Sarah rolled her eyes. “I’m Destiny here. And
can you really see me making sandwiches at
Subway, ’cause that’s what I was doing before
Dom gave me a chance.”
I wanted to see her doing anything but what
she was doing, sandwiches included. “I guess not.”
It was easier than getting in an argument.
“And so what if you’re gay? Lots of straight
guys do gay porn, you know. I’m sure it can work
the other way.”
Aw, Jesus, Sarah. Can we not have this talk
when Dom is standing right here?
“It’s still not
my thing, hon.” I gritted my teeth. Porn, one night
stands… I had no idea why I was such an anomaly.
Archer would’ve been all over it if the porn thing
didn’t involve pussy. He was already all over the
one night stands.

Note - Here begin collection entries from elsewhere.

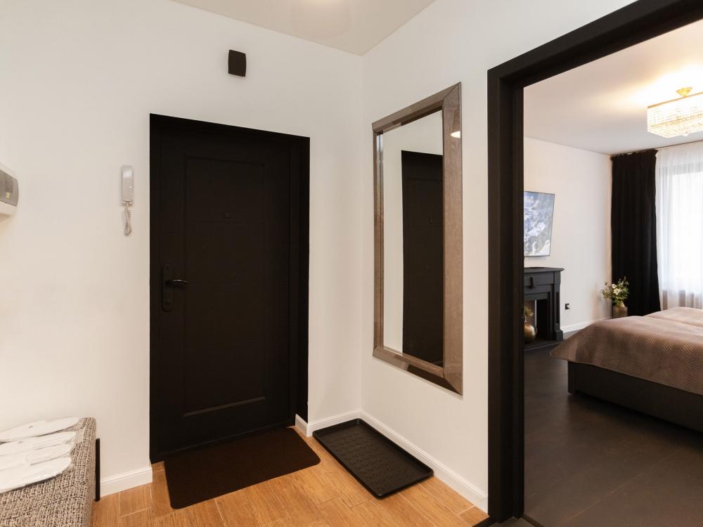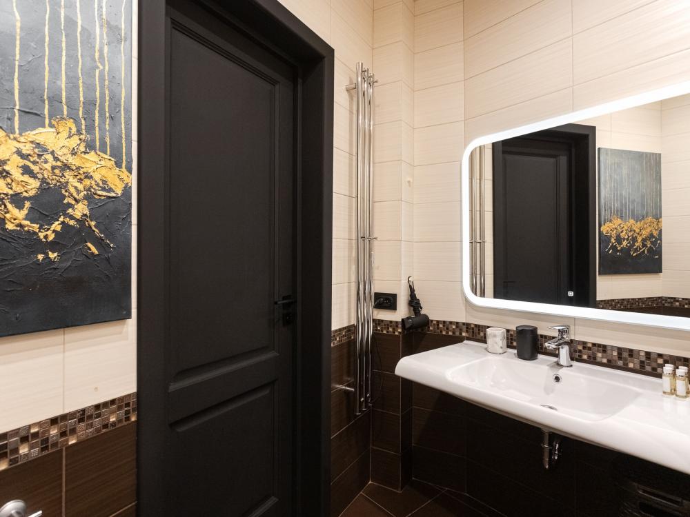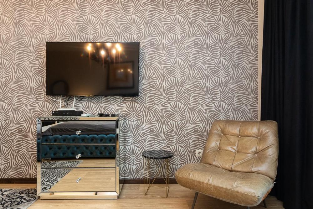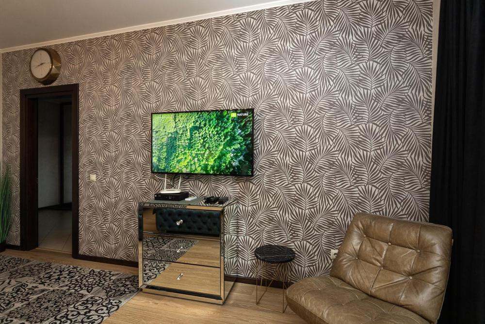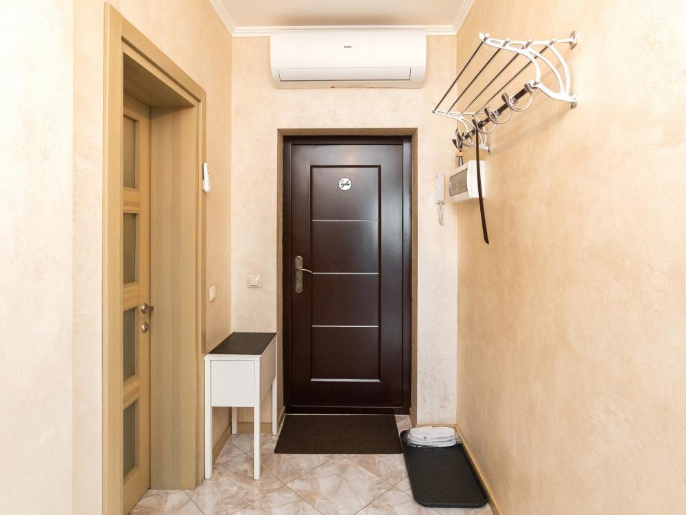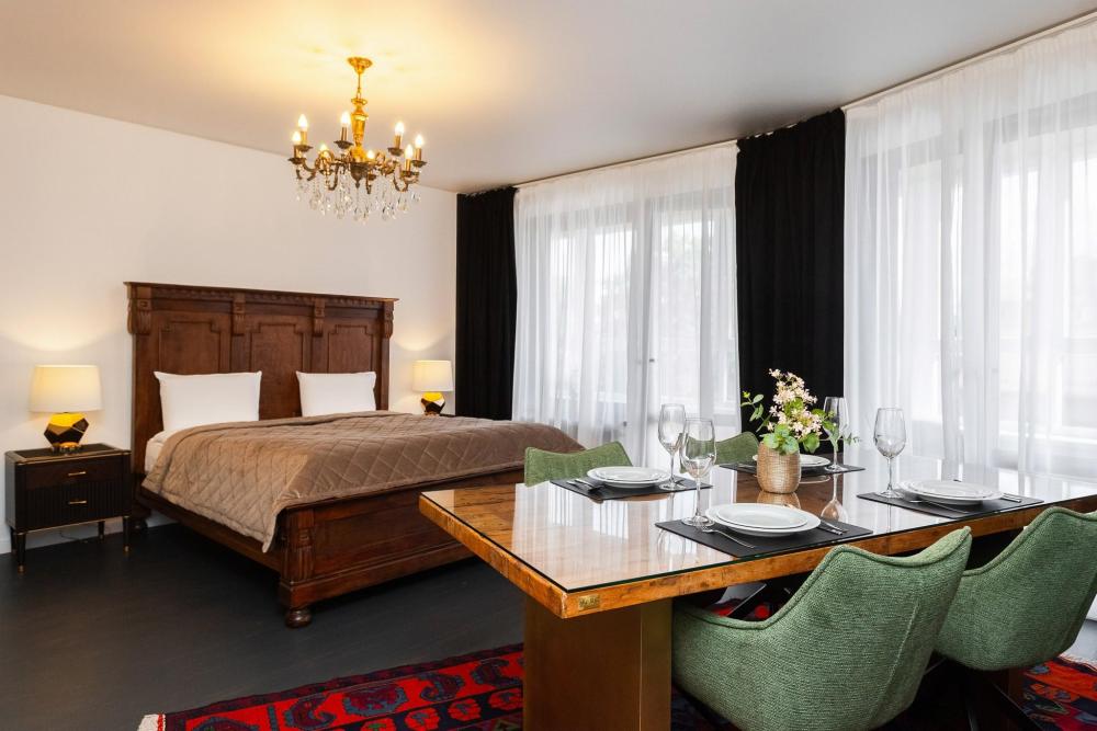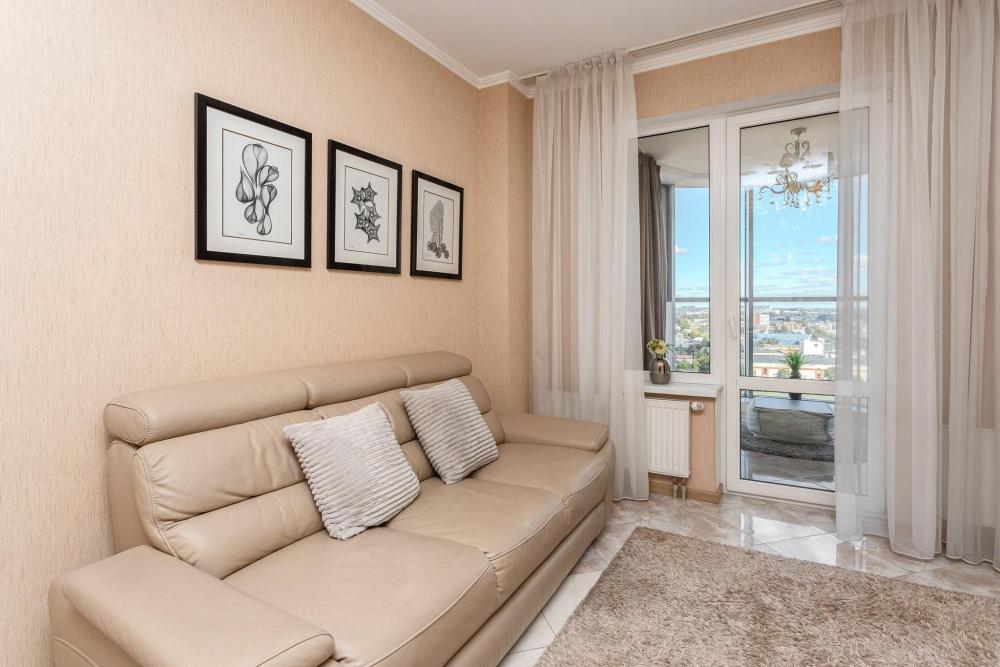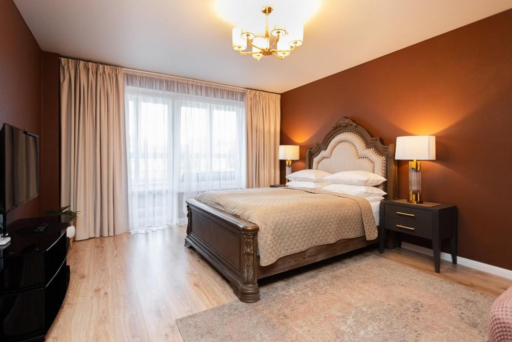 Комфортные однокомнатные апартаменты категории люкс. В распоряжении гостей апартаментов: кондиционер, двуспальная кровать и удобный раскладной диван, расположены в разных комнатах. Особенностью квартиры являются великолепная кровать, стол, ковер немецкой фабрики KARE, светильники и торшер голландской фабрики Eichholtz. Благодаря перепланировке обеденная зона обладает прекрасным полупанорамным видом на город.
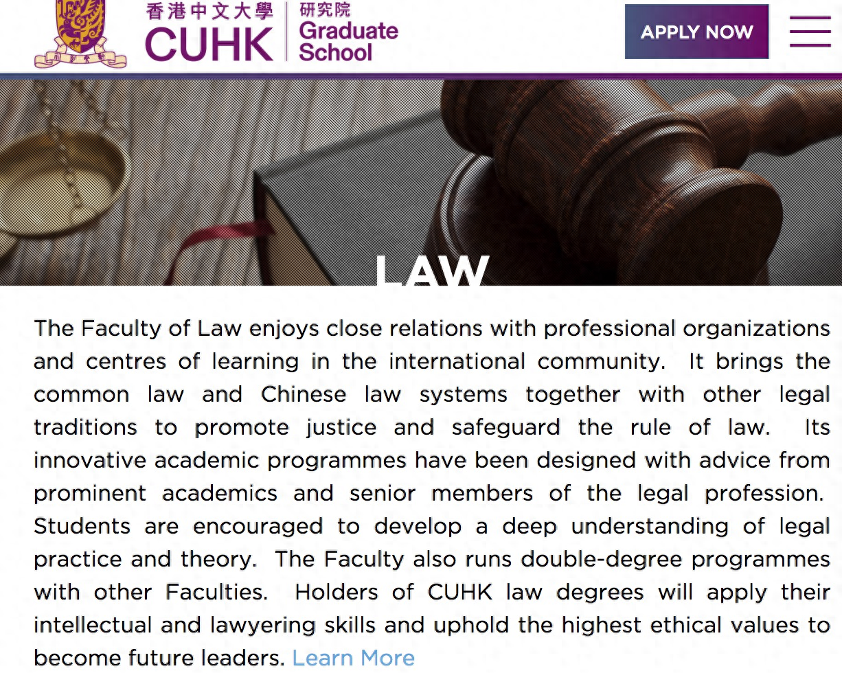 法学专业在申请上有一定的限制,从申请人的角度来看,要么是本专业申请,要么需要具备相关行业经验;从学校的角度来看,法学专业的设置需要具备极强的应用性。因此,在香港的八所大学中,只有香港大学、香港中文大学和香港城市大学这三所学校开设法学专业,申请要求也相对较高。
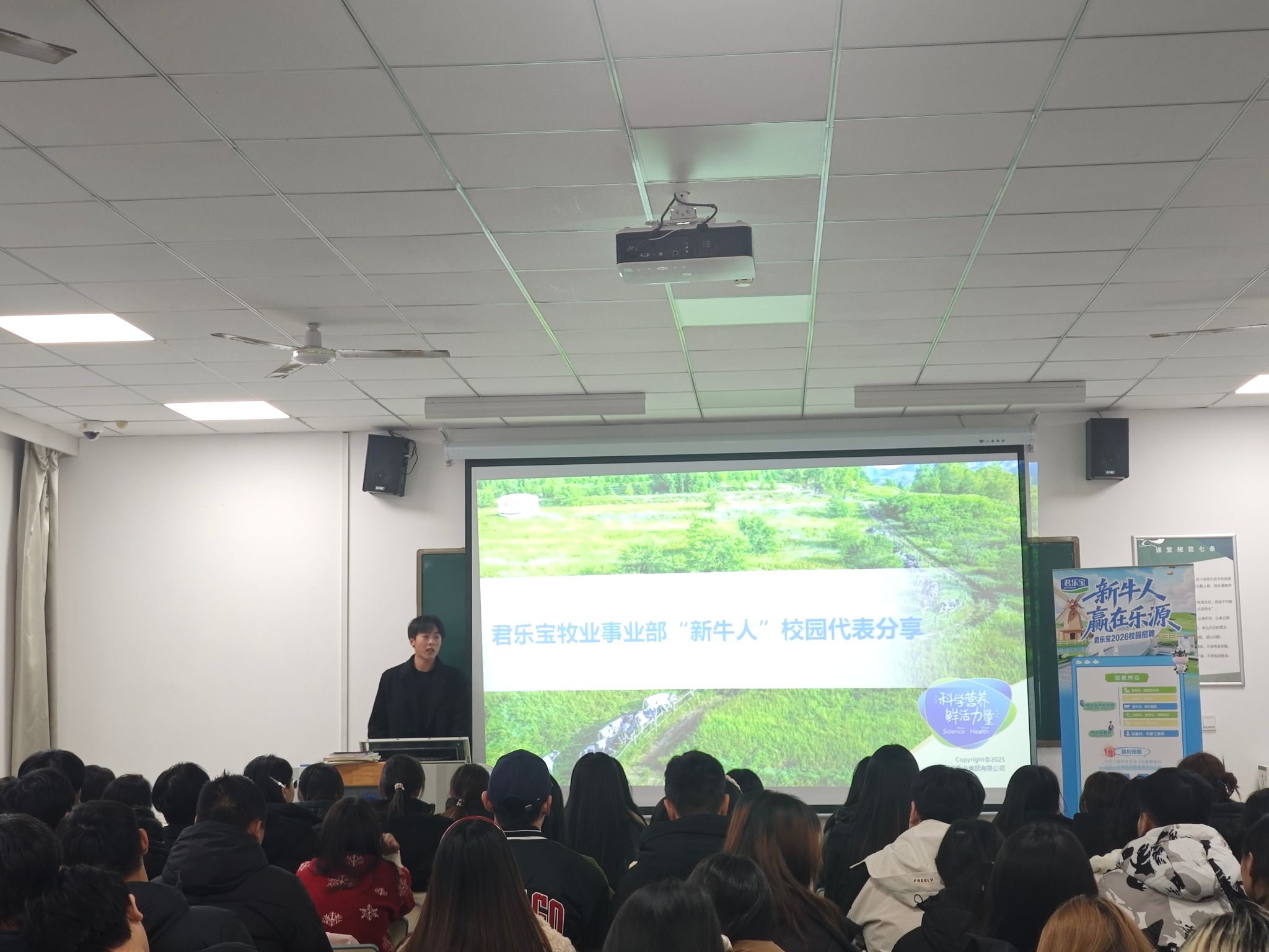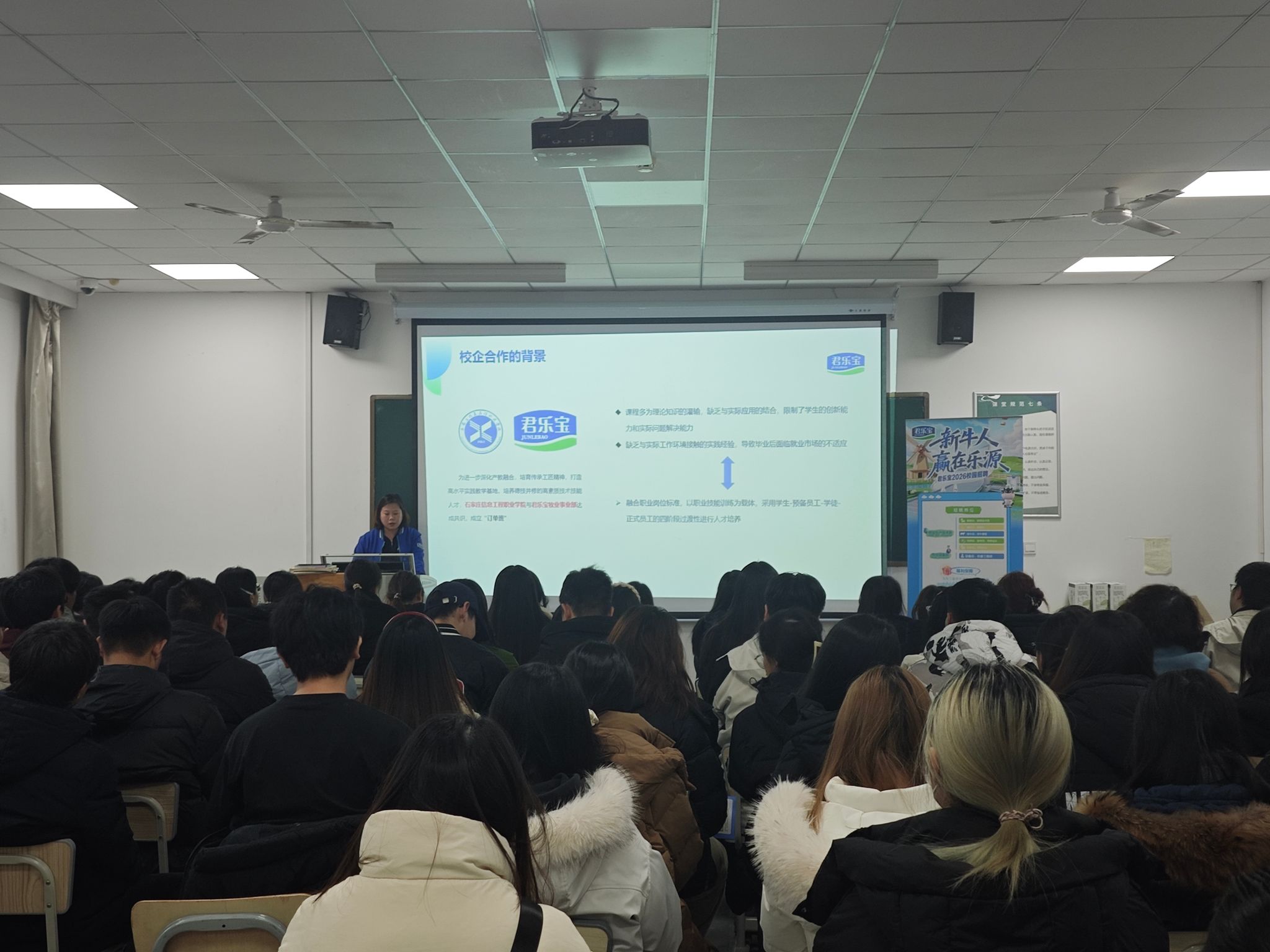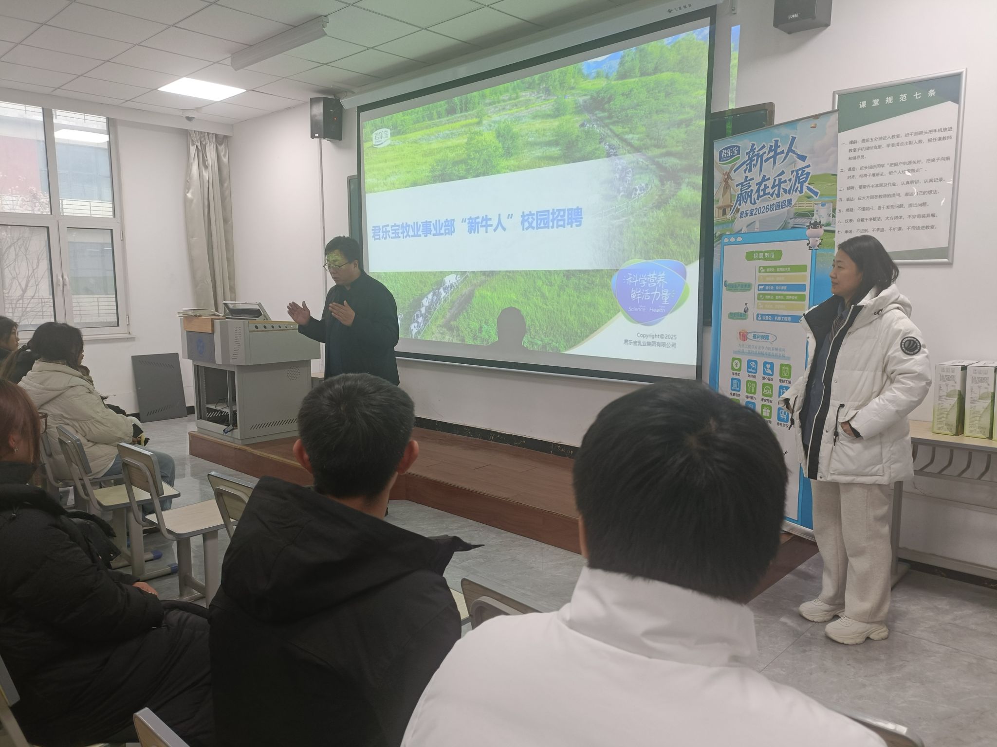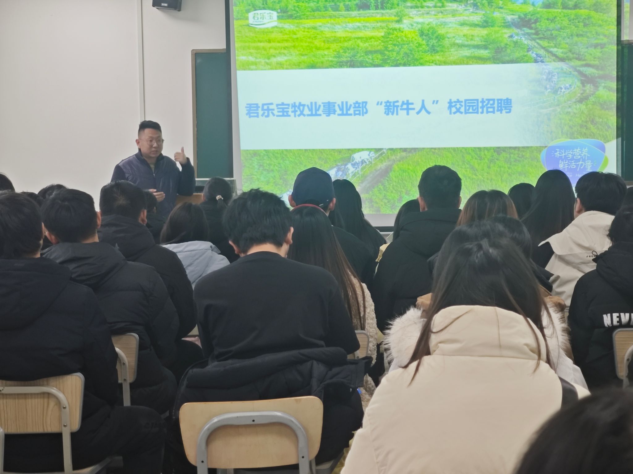 为深化校企合作,助力学子明晰职业方向,提升就业竞争力。12月18日,农林牧医系特邀河北乐源牧业赵华为经理代表一行莅临我系,开展“新牛人”校园招聘宣讲会。系党总支书记宋建蓬、畜牧兽医教研室主任龙霄出席活动,君乐宝牧业事业部招聘负责人赵华为、吕俊芬携现就职于企业的往届优秀毕业生代表共同参会,与全系百余名学子齐聚一堂,共话成长与发展。

I heard them regularly. My
expensive headphones had been a sanity saver.
“She’s right, you know,” Dominic added from
the other side of the room. I’d been hoping he was
too distracted to hear Sarah. It wasn’t the first time
he’d said something about it to me. I had to keep
from rolling my eyes. “You’d make a killing in the
boy-next-door role. Those big ol’ eyes, and you
look so sweet and innocent.”
“Dom. We’ve talked about this.”
“I know. Just making sure you remembered,”
Dom replied with a grin. “You good, Destiny?
Ready to get started again?”
I was pretty sure I heard a sigh, but like a
seasoned pro, Sarah got on her hands and knees
and assumed the “fuck me now” face that had
nothing to do with being turned on and everything
to do with the fact that she wanted to be a history
teacher but couldn’t afford college. Sometimes I
thought that getting to know the girls made the
whole thing worse.
I got lost after work in the only place where I
ever really felt at home other than the little
bedroom studio in my apartment—the art museum.